CONSIDER the rubber-band-powered plane.

For the past six months, we have been doing just that. In her current job as a writer and editor at Klutz, a publisher of children's books, Pat has been working with a team of model builders to develop a book about rubber-powered flying machines and a set of rubber-powered airplanes that will be included in the book. Paul has been working with the team and advising on physics along the way.

Some might dismiss a discussion of rubber-band-powered planes as childish, but we are confident that fantasy and science fiction readers are much smarter than that. After all, most of us have probably heard our favorite reading material dismissed as childish.

Of course, science fiction writers have examined the importance of toys. In "Mimsy Were the Borogoves," by Lewis Padgett (a pseudonym for collaborations by Henry Kuttner and C. L. Moore), a box of toys from the future drastically change the thinking patterns of the children who find them, leading the kids to find a path to somewhere Euclidean geometry won't take you.

Though we can't claim that playing with rubber-powered planes has led us to find a path to another dimension, it has caused us to realize (yet again) that thinking about little things (like rubber-band-powered toys) leads to thinking about big ideas (which all science fiction readers like to do). In this column, we talk a bit about planes and a bit about the big ideas that have emerged from our exploration of toy planes.


In her misspent youth, Pat flew a few rubber-band-powered planes—the kind with a fuselage made of a balsa wood stick, a wing that slid through a slot through the middle of the stick, and a tail that fit into a slanting slot at the back of the stick. Put a propeller on the front and add a rubber band. Wind up the rubber band and the plane zipped away at top speed until it crashed into something and broke. Nu Craft Toys (the company that went on to become Guillow's) started selling this type of plane back in 1926. They still sell them today. Some are better than others, but most of them fly more like arrows than planes. Pat's planes were basically balsa projectiles that usually broke on their second or third flight.

Paul comes from a family that loves flying. His dad fell in love with flying in the 1920s and spent his life rebuilding aircraft, including the last remaining Sopwith Camel. Paul designed and built his own model planes. These planes seldom worked the first time, but after hundreds of test flights and modifications, they actually did fly.

For the Klutz book, Pat wanted something better than the balsa fliers of her youth. She'd heard of rubber-band-powered planes that stayed aloft for more than an hour. She knew a few fundamentals about flight—and she thought that a basic rubber-powered plane could be pretty straightforward: a rubber motor to store energy, a propeller to provide thrust, wings to supply lift, a tail for balance. So she located experts to advise her, bought a bunch of toy planes to consider, and got started. A simple project, right?


The early history of rubber-powered fliers is a lot weirder than you think. (When you get right down to it, we've found that most history is weirder than you think.)

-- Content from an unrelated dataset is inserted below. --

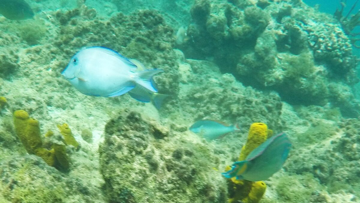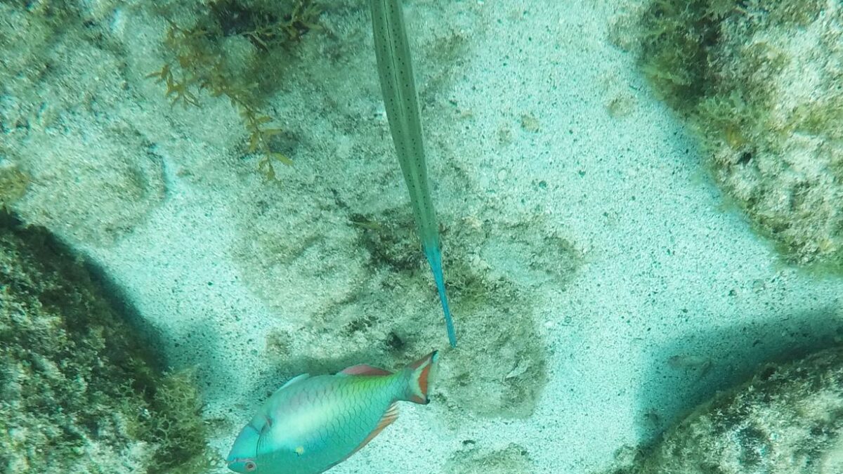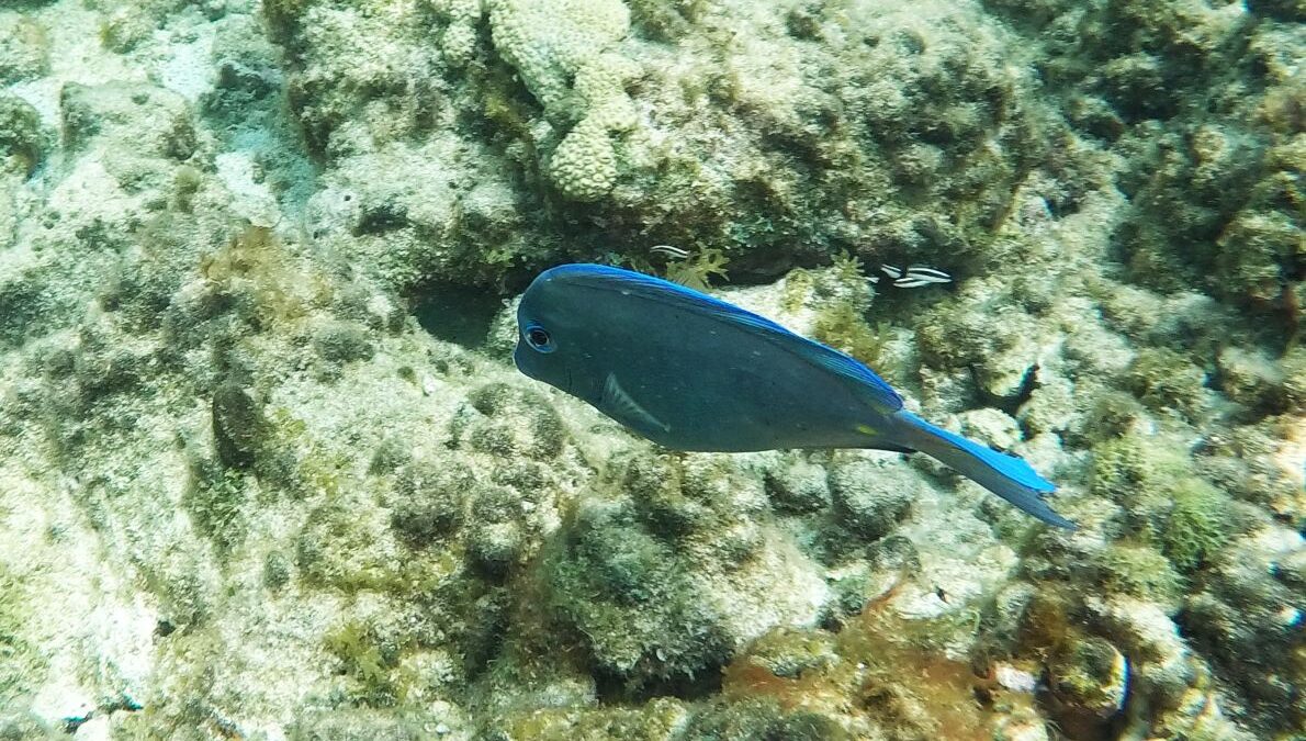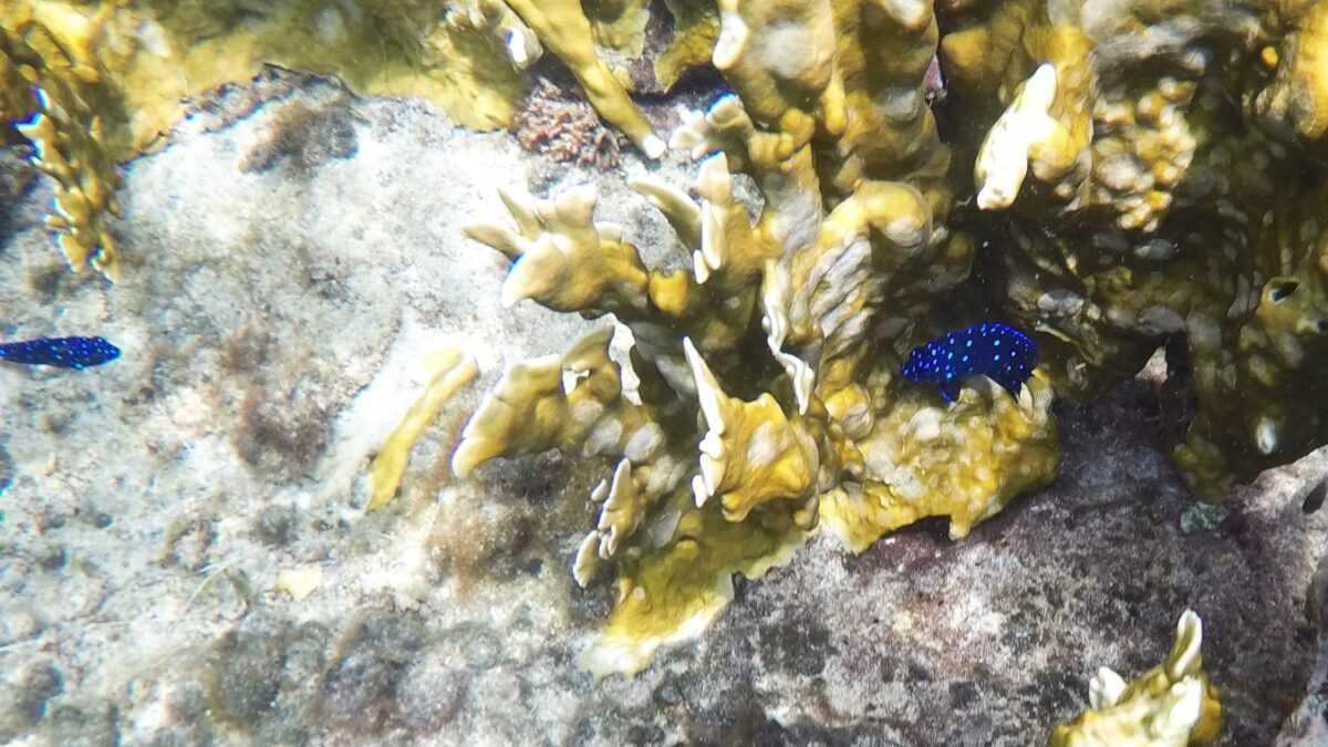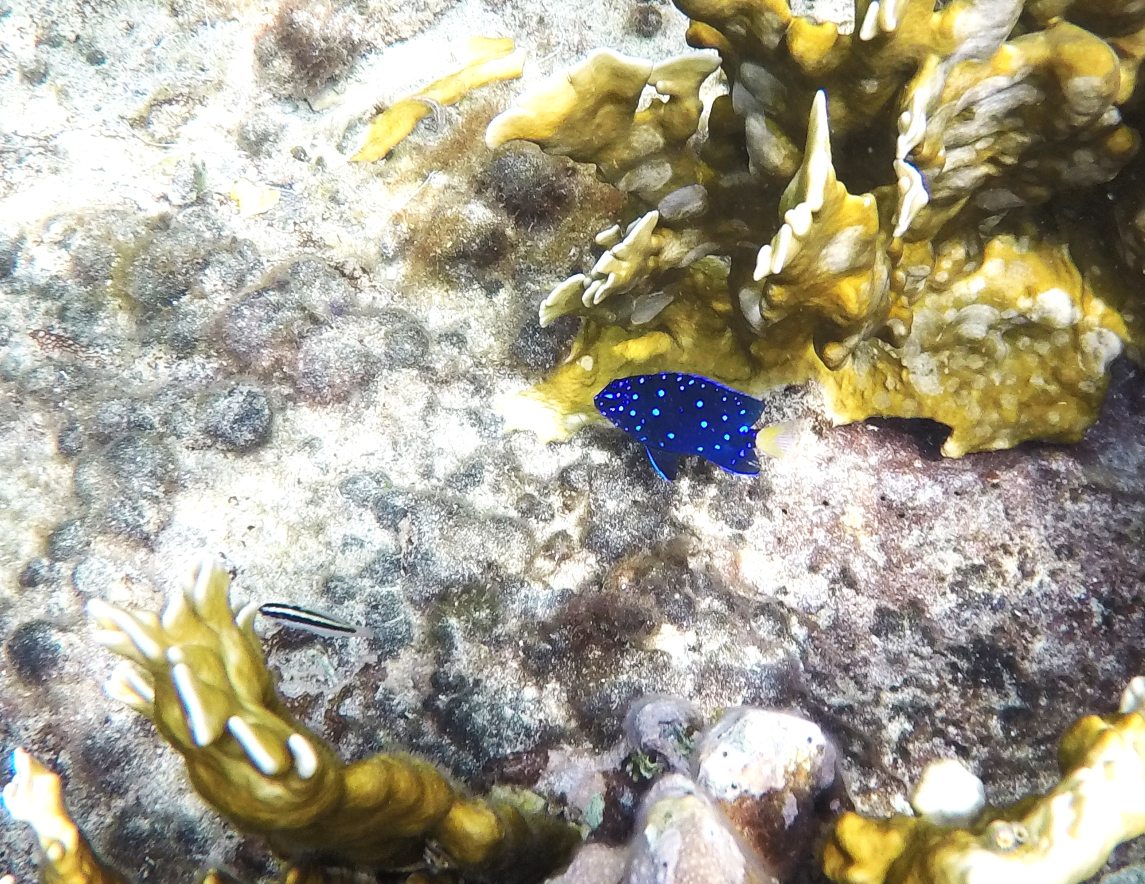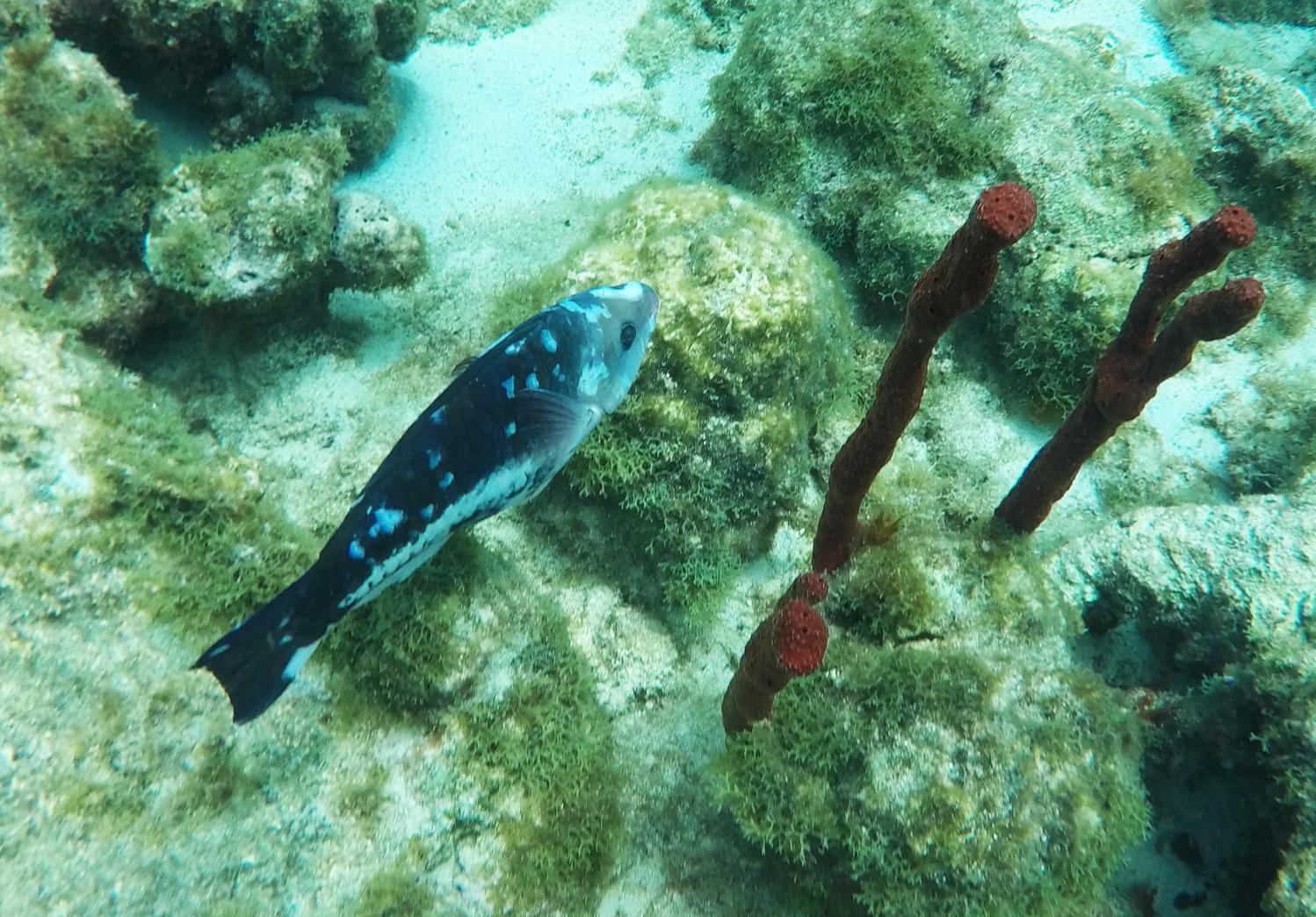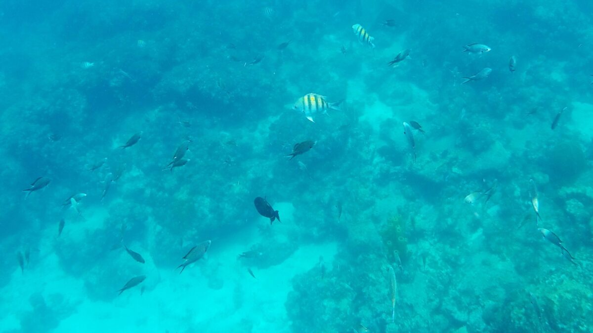 Rund um die Ile du Pigeon liegt der Cousteau Unterwasser-Nationalpark. Ankern und Fischen ist innerhalb der Nationalpark-Grenzen verboten. Am Samstag sattelten wir deshalb das Dinghy und brausten mit unserem Schnorchelzeug – nach einem kurzen Abstecher, um Arnaud auf der Schweizer Stahlyacht „Atlas“ zu begrüssen – hinüber zur Insel für einen ausgiebigen Schnorchelgang. Die Vielfalt und Menge an Fischen war grossartig. Leider waren wir etwas spät dran und mussten uns den recht begrenzten Raum mit sehr vielen anderen Schnorchlern und Tauchern (uva -Anfängern) teilen. Trotzdem – ein Genuss! Erstmals seit langem bekam ich auch wieder mal Lust auf einen Tauchgang. Vielleicht bei Gelegenheit mal wieder aufzunehmen? Aber auch schnorchelnd hatten wir viel Schönes, Farbiges und Vielfältiges gesehen. Besonders angetan hatte es mir ein winziger blauer Fisch mit leuchtend hellen Pünktchen. Bänz meinte, er sehe aus wie in Geschenkpapier gewickelt. Die Trompetenfische waren mir jeweils zu schnell und flitzten immer aus dem Blickfeld der GoPro, während sich die grösseren Barracudas u.a. vornehm in grösserer Tiefe zurück hielten, ausserhalb der Reichweite unserer kleinen Kamera. Schön wars!

It seems that rubber-powered model planes were incredibly important to the history of aviation. Back in 1871, a twenty-one-year-old Frenchman named Alphonse Pénaud built and successfully flew the Planophore—a bat-winged model with a propeller at the back that pushed the model through the air. At the Tuileries Gardens in Paris, in a demonstration for some members of the French Society of Aerial Navigation, the Planophore flew 131 feet—a remarkable achievement. This model wasn't just the first rubber powered airplane, it was also the first airplane capable of stable flight.

Over the next thirty years, lots of folks experimented with rubber-band-powered fliers including (you guessed it) Orville and Wilbur Wright. Before he came up with the Planophore, Pénaud had invented a rubber-powered helicopter that became a very popular toy. In 1878, Bishop Milton Wright of Cedar Rapids brought a rubber band-powered Pénaud-type helicopter for his sons: Orville and Wilbur.

The boys, ages seven and eleven, thought this helicopter was really cool. They flew it until it broke, then built another.

The rest, as they say, is history. Twenty-three years later, in 1902, Orville and Wilbur went on to build and fly the world's first successful airplane. Without that first rubber-powered helicopter toy, maybe they'd have just settled down to run a bicycle shop. They never would have created an invention that changed the world.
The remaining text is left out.